[SOURCE DATA]:
=== Begin Enclosure ===

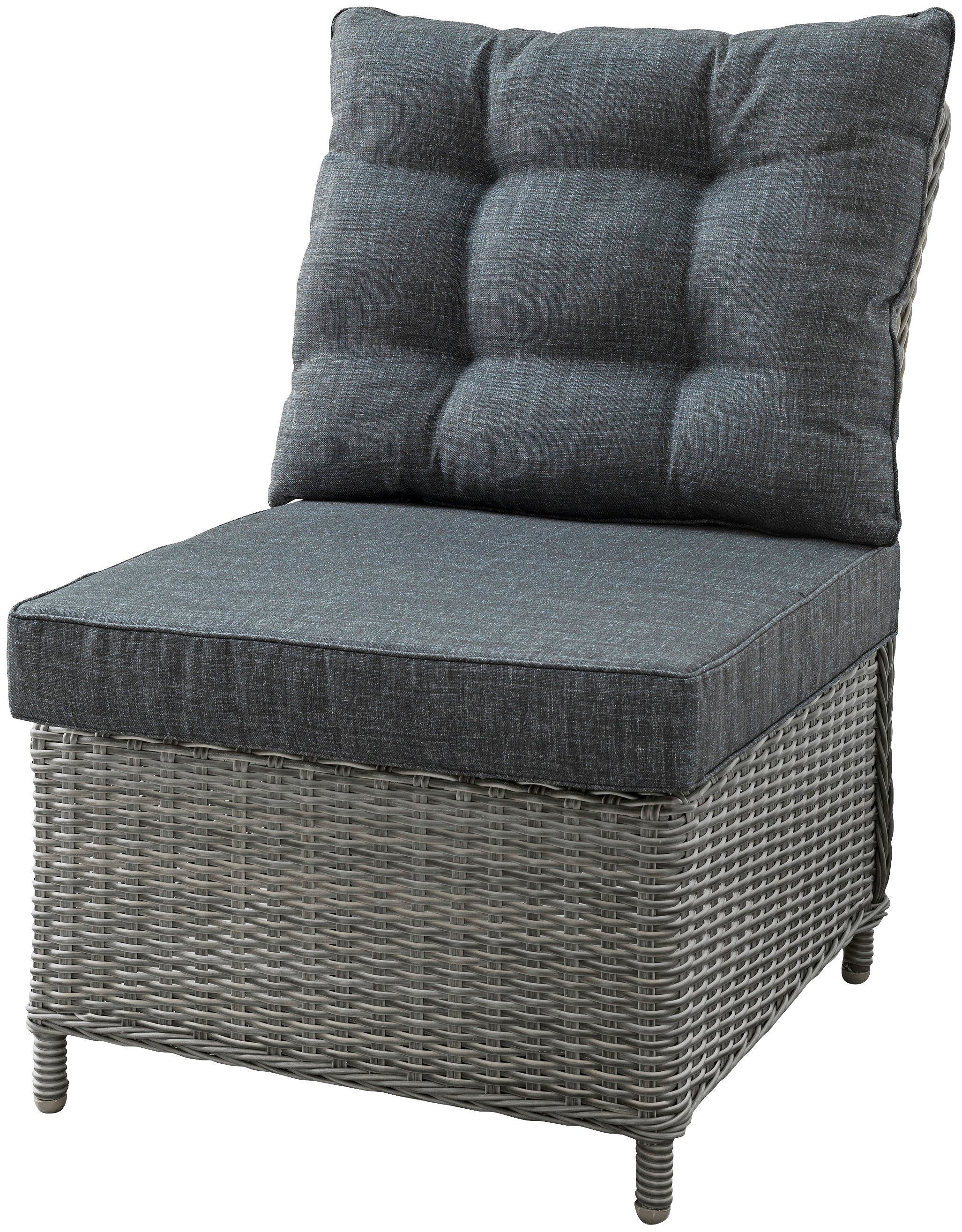 Dieser Loungesessel »PALMA« von Destiny ist mit einem Rückenkissen ausgestattet, das perfekt zum Sessel passt und das Sitzen noch komfortabler macht. Bei etwa 110 Kilogramm liegt die maximale Belastbarkeit. Das Rundrohrgestell aus Kunststoff punktet mit der Temperaturbeständigkeit und sind zudem formstabil. Eine Montage ist nicht notwendig, sodass er sofort einsatzbereit ist.
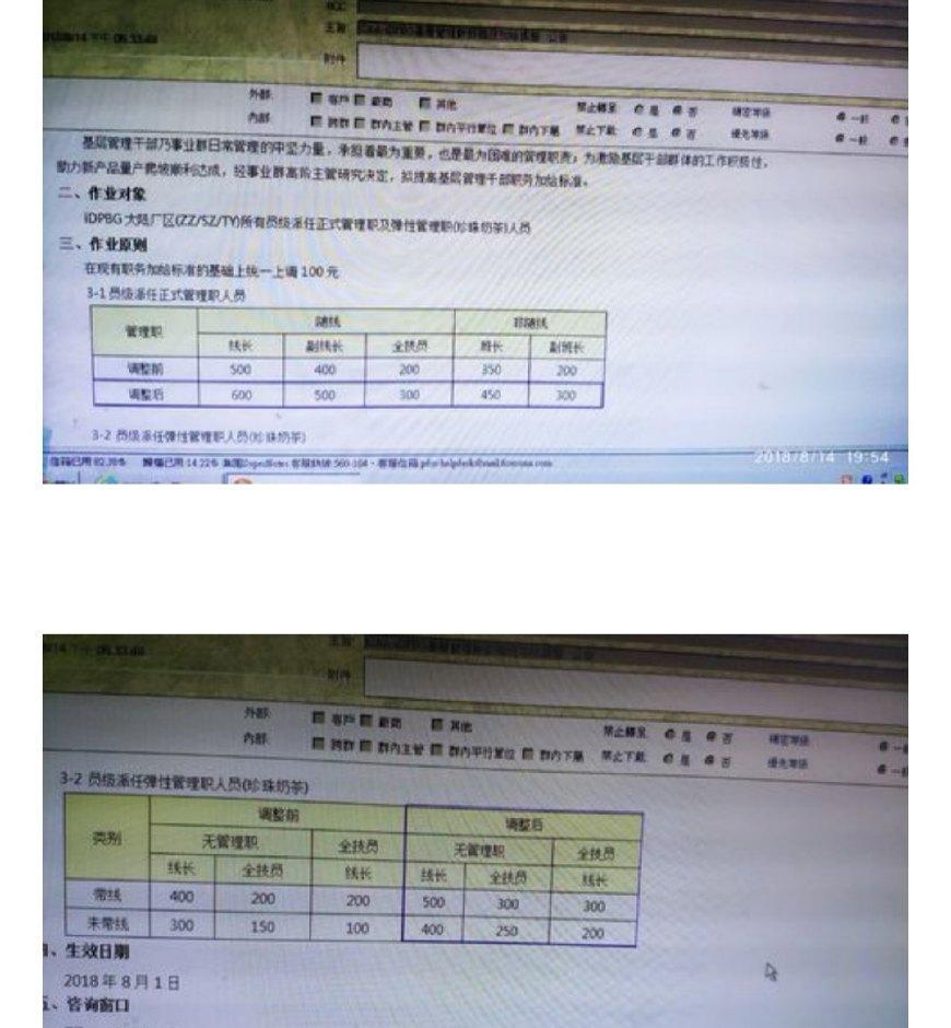 按照该邮件描述,该事业部涨薪的理由是:基层管理员工乃是事业群日常管理的中坚力量,承担着最为重要也是最为困难的管理职责,为激励基层员工的工作积极性,助力新产品量产爬坡顺利达成,经事业群高阶主管研究决定,拟提高基层管理干部职务加给标准。邮件显示该事业群为富士康iDPBG事业群,此次加薪的对象包括所有员级派任正式管理职及弹性管理职人员,主要为线长,副线长,全技员,班长,副班长等对象。
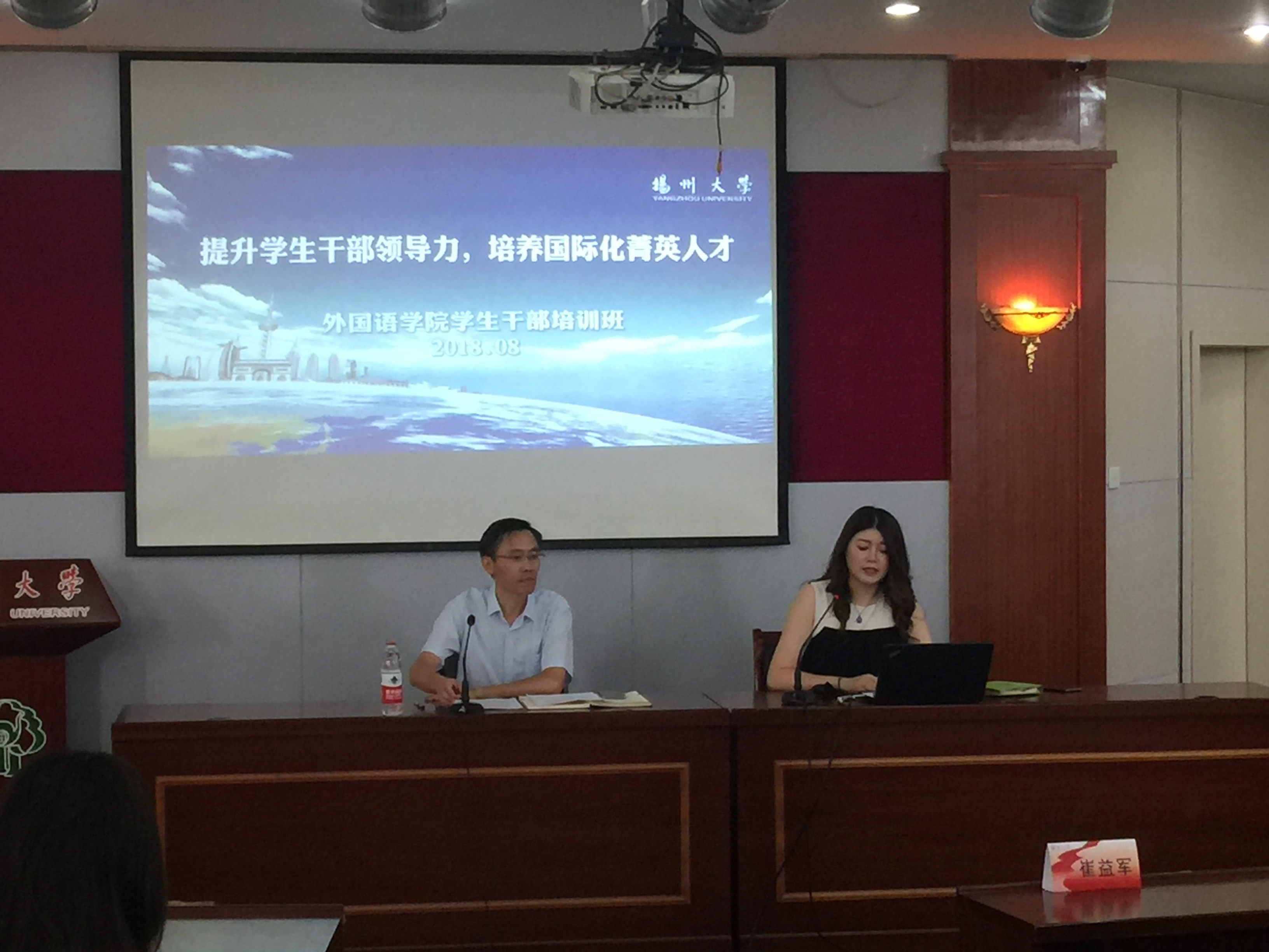8月27-28日,外国语学院“提升学生干部领导能力,培养国际化菁英人才”学生干部培训班在笃行楼报告厅举行。学院团委书记刘芳玮老师主持,院党委副书记崔益军老师出席现场并作动员讲话,学院全体辅导员老师和主要学生干部参加学习。
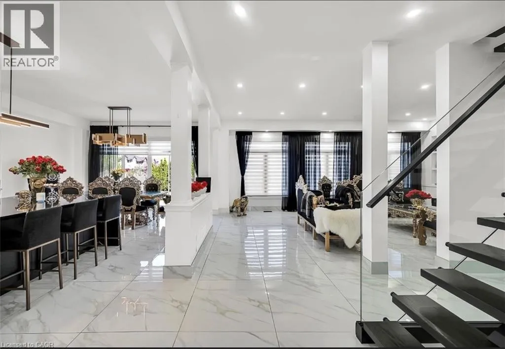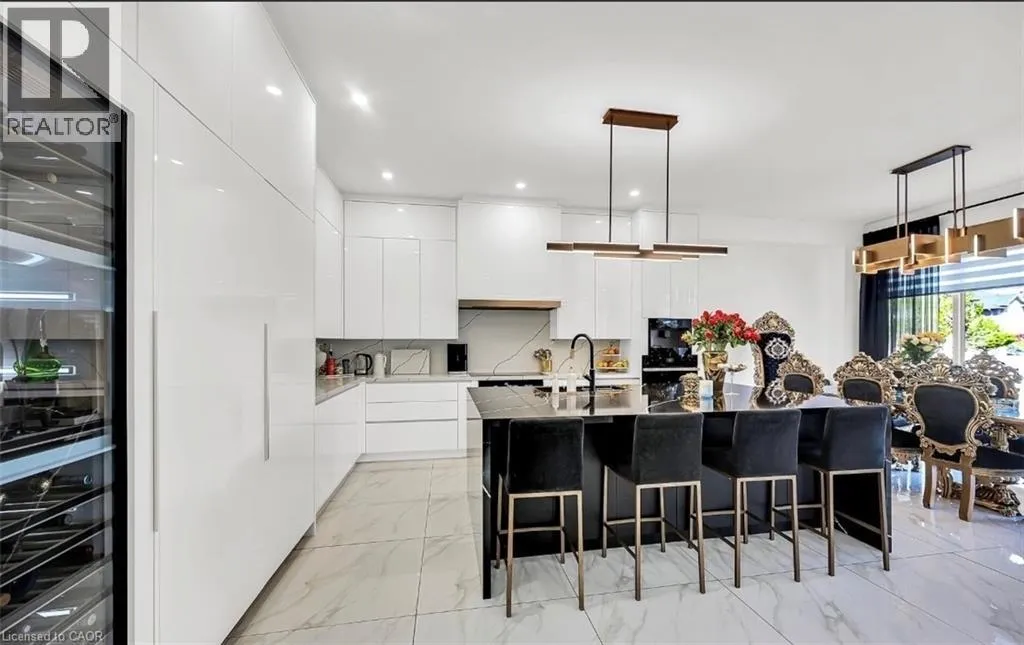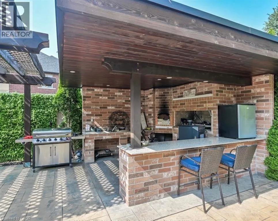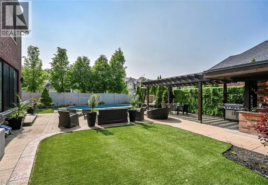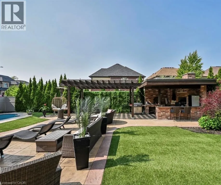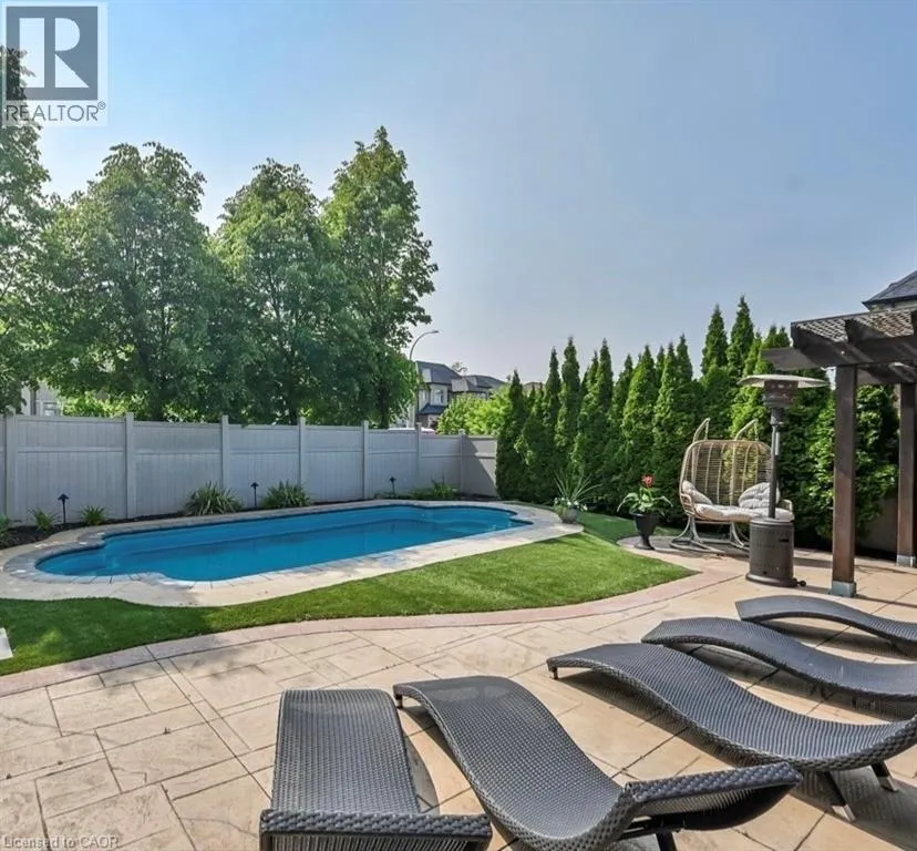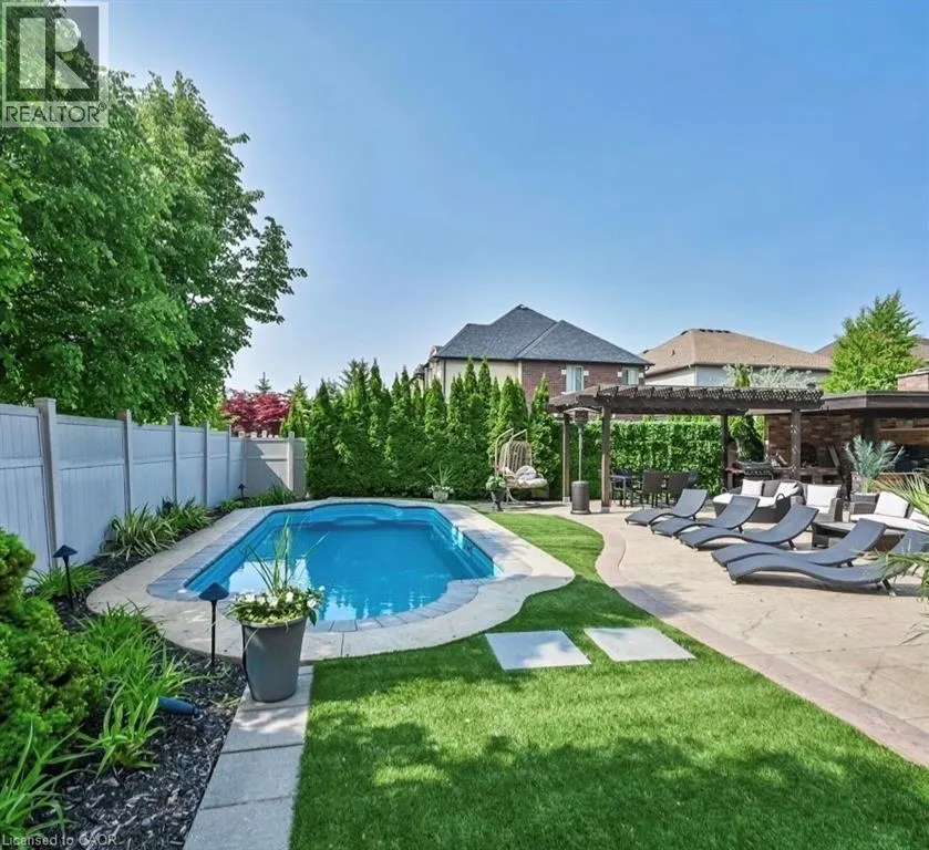 STONE CHURCH ROAD TO STONEHENGE DRIVE TO DIIORIO CIRCLE This beautiful and spacious 2 storey dream home, situated in Ancaster, in a prime location of Meadowlands directly facing the conservation area. This is truly remarkable and offers an unparalleled living experience, with 4+1 bedrooms, 4.5 bathrooms, over 4000 square feet of finished living space. The interior boasts desirable upgrades such as elegant granite countertops, a stunning kitchen, hardwood flooring throughout, and impressive high ceilings that enhance the sense of space and light. Furthermore, the property offers a fully finished basement, a significant added value, which includes a bedroom and washroom, a substantial bar with sink, 2 wine fridges and 2 beverage fridges, also a Den with a filter system. Additionally providing flexibility and privacy for a growing family or for hosting guests. The backyard has been thoughtfully designed as a private resort-like oasis, perfect for relaxation and entertainment. It features an inground pool for those warm summer days, a charming wood burning oven ideal for outdoor gatherings, and a patio where one can comfortably lounge and dine. Landscaped, both in the front and back yard. This property truly presents a wealth of additional features that must be seen to be fully appreciated and represents a significant opportunity for discerning buyers seeking luxury and convenience in a sought-after neighborhood. You'll find yourself just minutes away from all grocery stores, schools, shopping centers, etc. Plus you're conveniently close to highways like Lincoln Alexander Parkway and the 403 for easy commuting. (id:27476)

=== End Enclosure ===

[PROBLEM DETAILS]: Please give back the data above word for word, with no pictures included.

[ANSWER FOR THE TASK]:
 Dieser Loungesessel »PALMA« von Destiny ist mit einem Rückenkissen ausgestattet, das perfekt zum Sessel passt und das Sitzen noch komfortabler macht. Bei etwa 110 Kilogramm liegt die maximale Belastbarkeit. Das Rundrohrgestell aus Kunststoff punktet mit der Temperaturbeständigkeit und sind zudem formstabil. Eine Montage ist nicht notwendig, sodass er sofort einsatzbereit ist.
 按照该邮件描述,该事业部涨薪的理由是:基层管理员工乃是事业群日常管理的中坚力量,承担着最为重要也是最为困难的管理职责,为激励基层员工的工作积极性,助力新产品量产爬坡顺利达成,经事业群高阶主管研究决定,拟提高基层管理干部职务加给标准。邮件显示该事业群为富士康iDPBG事业群,此次加薪的对象包括所有员级派任正式管理职及弹性管理职人员,主要为线长,副线长,全技员,班长,副班长等对象。
8月27-28日,外国语学院“提升学生干部领导能力,培养国际化菁英人才”学生干部培训班在笃行楼报告厅举行。学院团委书记刘芳玮老师主持,院党委副书记崔益军老师出席现场并作动员讲话,学院全体辅导员老师和主要学生干部参加学习。
 STONE CHURCH ROAD TO STONEHENGE DRIVE TO DIIORIO CIRCLE This beautiful and spacious 2 storey dream home, situated in Ancaster, in a prime location of Meadowlands directly facing the conservation area. This is truly remarkable and offers an unparalleled living experience, with 4+1 bedrooms, 4.5 bathrooms, over 4000 square feet of finished living space. The interior boasts desirable upgrades such as elegant granite countertops, a stunning kitchen, hardwood flooring throughout, and impressive high ceilings that enhance the sense of space and light. Furthermore, the property offers a fully finished basement, a significant added value, which includes a bedroom and washroom, a substantial bar with sink, 2 wine fridges and 2 beverage fridges, also a Den with a filter system. Additionally providing flexibility and privacy for a growing family or for hosting guests. The backyard has been thoughtfully designed as a private resort-like oasis, perfect for relaxation and entertainment. It features an inground pool for those warm summer days, a charming wood burning oven ideal for outdoor gatherings, and a patio where one can comfortably lounge and dine. Landscaped, both in the front and back yard. This property truly presents a wealth of additional features that must be seen to be fully appreciated and represents a significant opportunity for discerning buyers seeking luxury and convenience in a sought-after neighborhood. You'll find yourself just minutes away from all grocery stores, schools, shopping centers, etc. Plus you're conveniently close to highways like Lincoln Alexander Parkway and the 403 for easy commuting. (id:27476)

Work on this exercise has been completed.